The result is a ranked analysis of 80+ pull requests organized into six phases, with full provenance. Every claim in this article maps to a specific merged PR that you can verify yourself on GitHub.

ClickHouse JSON Capabilities in 2026: What Ships by Default

The current state, as of early 2026:

Native JSON data type (GA since v25.3): Each JSON path is stored as a separate Dynamic-typed subcolumn in columnar format. Full SQL query, filter, and aggregation support on JSON fields, including nested structures and arrays (Array(JSON)). Configurable max_dynamic_paths (default 1024) and max_dynamic_types (default 32) control resource usage. Known paths can be materialized as physical columns with type hints (JSON(key1 UInt32, key2 String)), while unknown paths are automatically discovered with type inference. Path filtering via SKIP and SKIP REGEXP provides fine-grained schema control.
Three foundational types: Variant (PR #58047) provides discriminated unions. Dynamic (PR #63058) extends Variant with open-ended type storage. JSON (PR #66444) combines both to store semi-structured data with native type preservation.
Primary key and skip index support: JSON subcolumns can appear in ORDER BY and data-skipping index expressions (PR #72644), enabling the same data pruning that ClickHouse applies to regular typed columns.
Advanced shared data serialization: Per-granule path indexes for selective reads of specific paths without scanning the entire JSON column (PR #83777). Three serialization modes optimized for different access patterns.
Planner-level subcolumn optimization: The query planner reads only the JSON paths referenced in your query (PR #68053), pushes subcolumn requirements through CTEs and views (PR #94105), and rewrites JSONExtract calls into direct subcolumn reads (PR #96711).
Full JSONExtract interop: All JSONExtract* functions work with native JSON columns (PR #96711). Introspection functions (distinctJSONPaths, distinctJSONPathsAndTypes) provide schema discovery from metadata alone (PR #68463, PR #92196).
Migration from every legacy format: ALTER TABLE ... MODIFY COLUMN converts String, Object('json'), Map, and Tuple columns to the native JSON type (PR #70442, PR #71784, PR #71320).

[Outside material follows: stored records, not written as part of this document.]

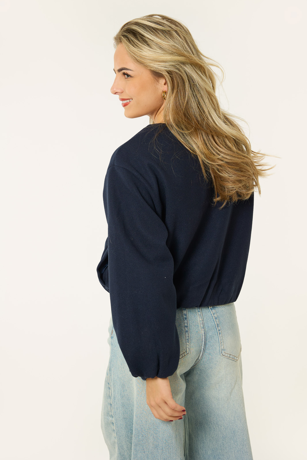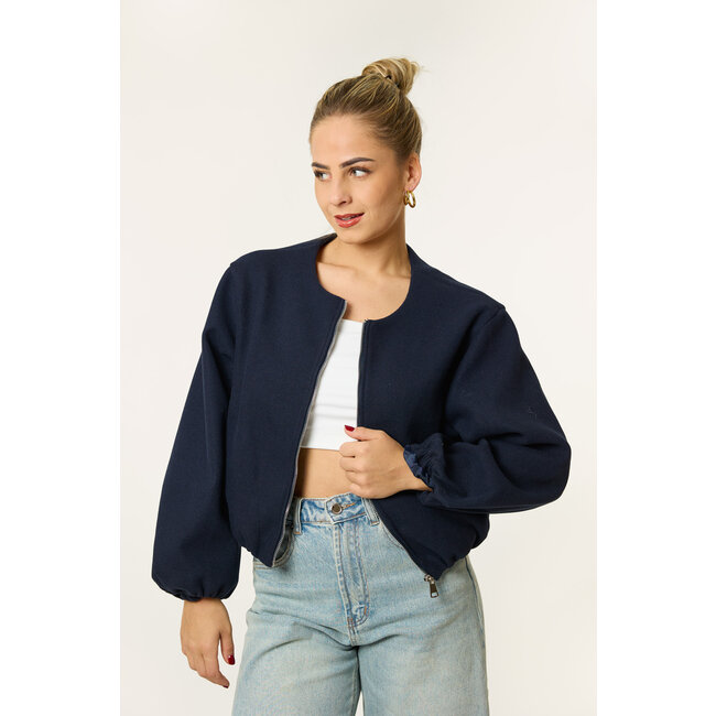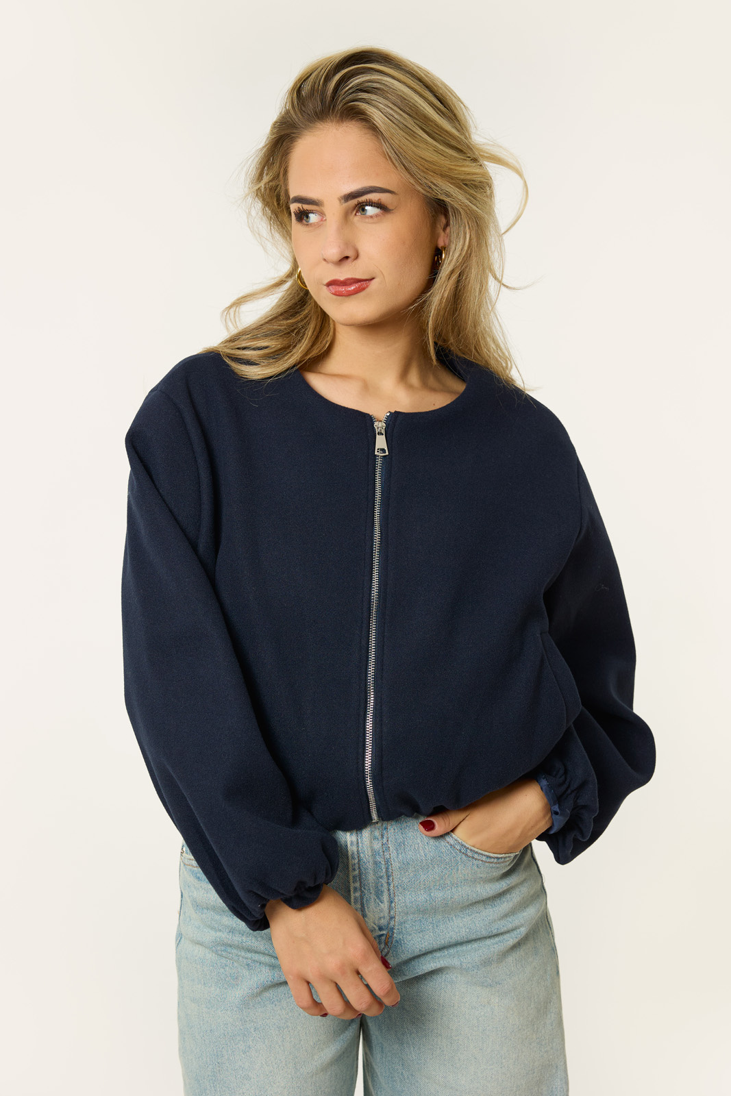Deze navy blauwe bomberjas voor dames is de perfecte mix van sportief en stijlvol. Met de pofmouwen en korte lengte krijgt de jas een trendy uitstraling, ideaal om te combineren met een jeans van onze atelier lynn jeans lijn. Dankzij de ronde hals en ritssluiting draag je de bomber moeiteloos open of dicht, afhankelijk van je look. Een veelzijdige blauwe bomberjas die je outfits direct een stijlvolle upgrade geeft.
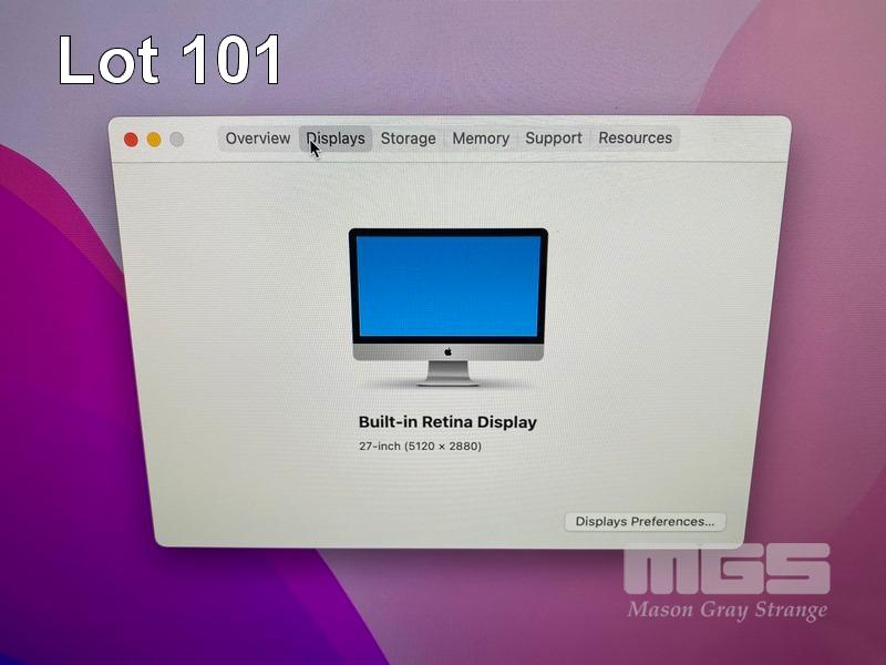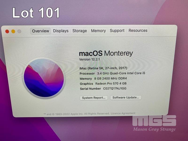 APPLE iMAC 5K (A1419), CORE i5 7500 (7TH GEN) @ 3.4GHz, 8GB DDR4 RAM, 1TB FUSION HDD, BUILT-IN 27" RETINA DISPLAY (5120x2880), 4GB RADEON PRO 570 VIDEO, Wi-Fi, MAC OS 12 INSTALLED, KEYBOARD & MOUSE S/N:C02TQ17NJ1GG
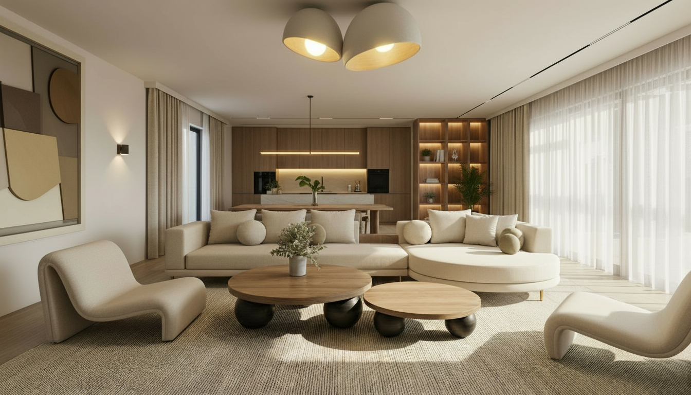 modern villa golden hour no sun lighting on cozy atmosphere
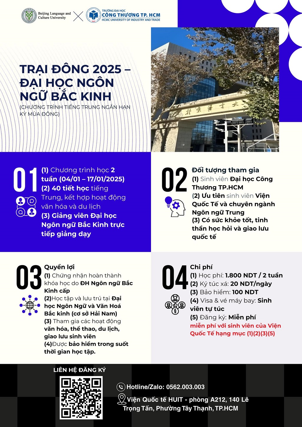 Viện Quốc Tế - Trường Đại học Công Thương TP. Hồ Chí Minh hân hoan giới thiệu chương trình Trại Đông Đại học Ngôn ngữ Bắc Kinh - Cơ sở Hải Nam 2025, một hành trình học tập và trải nghiệm văn hóa đặc biệt dành cho sinh viên yêu thích tiếng Trung và mong muốn mở rộng tầm nhìn quốc tế
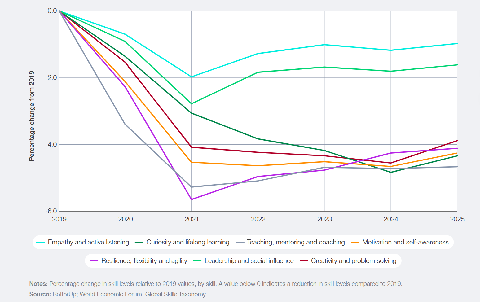 显示,疫情后所有人文技能都没回到2019年水平,其中教学、韧性下降超5%,就算到2025年也没缓过来。而且培养周期不短,50%的人要花141-245天才能掌握一项技能,比如共情力要141天,好奇心更是要245天。
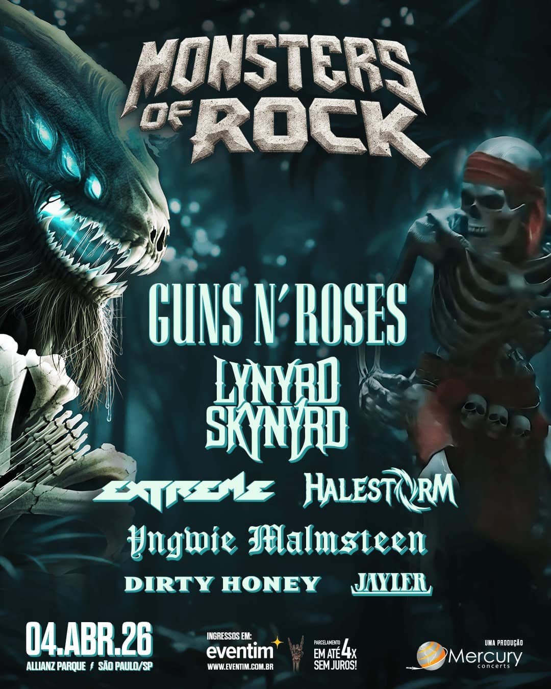 O Monsters of Rock confirma as atrações que completam o lineup de sua nona edição: Guns N’ Roses, Lynyrd Skynyrd, Extreme e Halestorm se unem a Yngwie Malmsteen, Dirty Honey e Jayler. Com eles, a edição 2026 se consolida como um dos mais grandiosos lineups da história do mais importante festival de rock do país. O evento acontece em 4 de abril de 2026, no Allianz Parque, em São Paulo, e os ingressos já estão à venda exclusivamente pelo site Eventim.
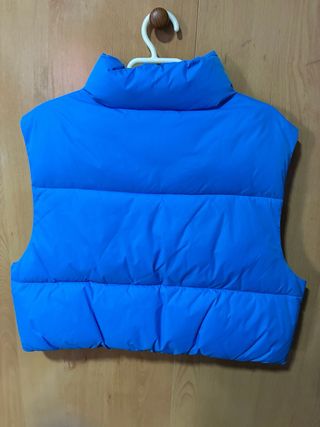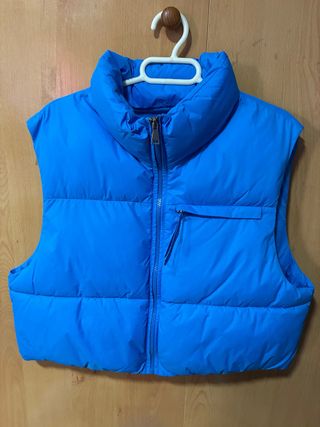 Chaleco acolchado de color azul, perfecto para añadir una capa extra de abrigo. - Diseño sin mangas. - Cuello alto. - Cierre de cremallera frontal. - Bolsillo con cremallera en el pecho.
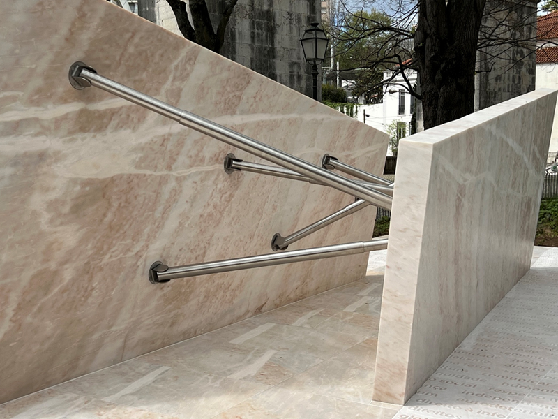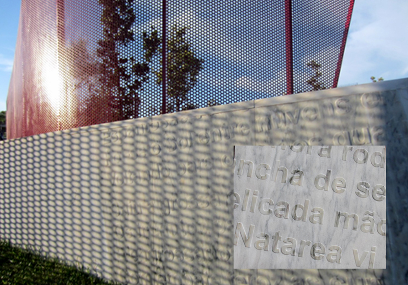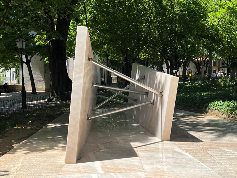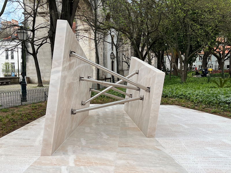 Correia Garção , 2015 | Ferro, chapa furada em ferro, mármore português com poema gravado | 5,30 x 7,50 x 25 m
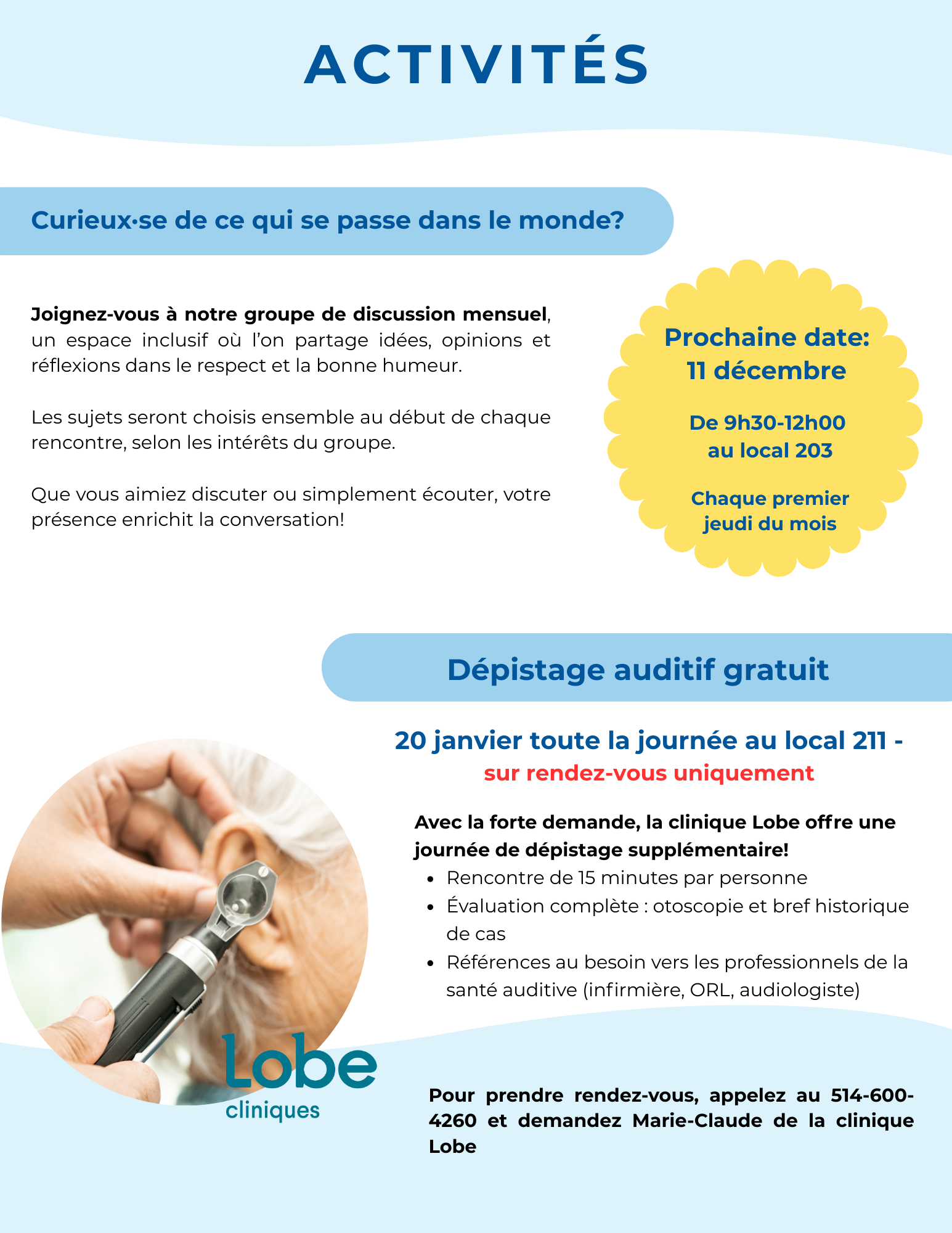 Activités: groupe de discussion sur l'actualité et dépistage auditif |

These are not experimental features behind flags. They are defaults that ship with every ClickHouse installation since v25.3.

ClickHouse JSON Myths vs. Reality: A 2026 Checklist

#	The FUD	Score	Evidence Volume	Reality (2026)
1	"No native JSON support"	False since Aug 2024	PR #66444, #77785	Native JSON type stores each path as a separate columnar subcolumn. GA since v25.3.
2	"Flatten JSON into columns manually"	False since Aug 2024	PR #66444, #72644	Automatic path flattening into Dynamic-typed subcolumns. No manual schema management.
3	"Use JSONExtract on String columns"	Outdated	PR #96711, #66444	JSONExtract works on native JSON columns and gets rewritten to direct subcolumn reads. No full-column scan.
4	"Use Object('JSON')"	Removed in v25.11	PR #85718, #66444	Object('json') was replaced by a ground-up redesign. The old type was fully removed in v25.11.
5	"JSON queries require full column scans"	False since 2024	PR #68053, #83777, #94105	Planner reads only referenced subcolumns. Advanced serialization provides per-granule path indexes. 58x faster, 3,300x less memory.
6	"Can't index JSON fields"	False since Dec 2024	PR #72644, #98886	JSON subcolumns in ORDER BY, primary key, and skip indexes. Bloom/text indexes on JSONAllPaths.
7	"JSON types lose type information"	False	PR #58047, #63058	Variant/Dynamic preserve native types (UInt32, Float64, DateTime, etc.). No String collapse.
8	"ClickHouse JSON is slower than document DBs"	False	JSONBench (1B docs)	2,500x faster than MongoDB. 10x faster than Elasticsearch. 9,000x faster than DuckDB/PostgreSQL.
9	"No schema discovery for JSON"	False since Aug 2024	PR #68463, #92196	`distinctJSONPaths()` and `distinctJSONPathsAndTypes()` read metadata only. Instant schema views.
10	"Can't migrate existing JSON String columns"	False since Oct 2024	PR #70442, #71784, #71320	ALTER TABLE converts String, Object, Map, and Tuple to native JSON. Background merge conversion.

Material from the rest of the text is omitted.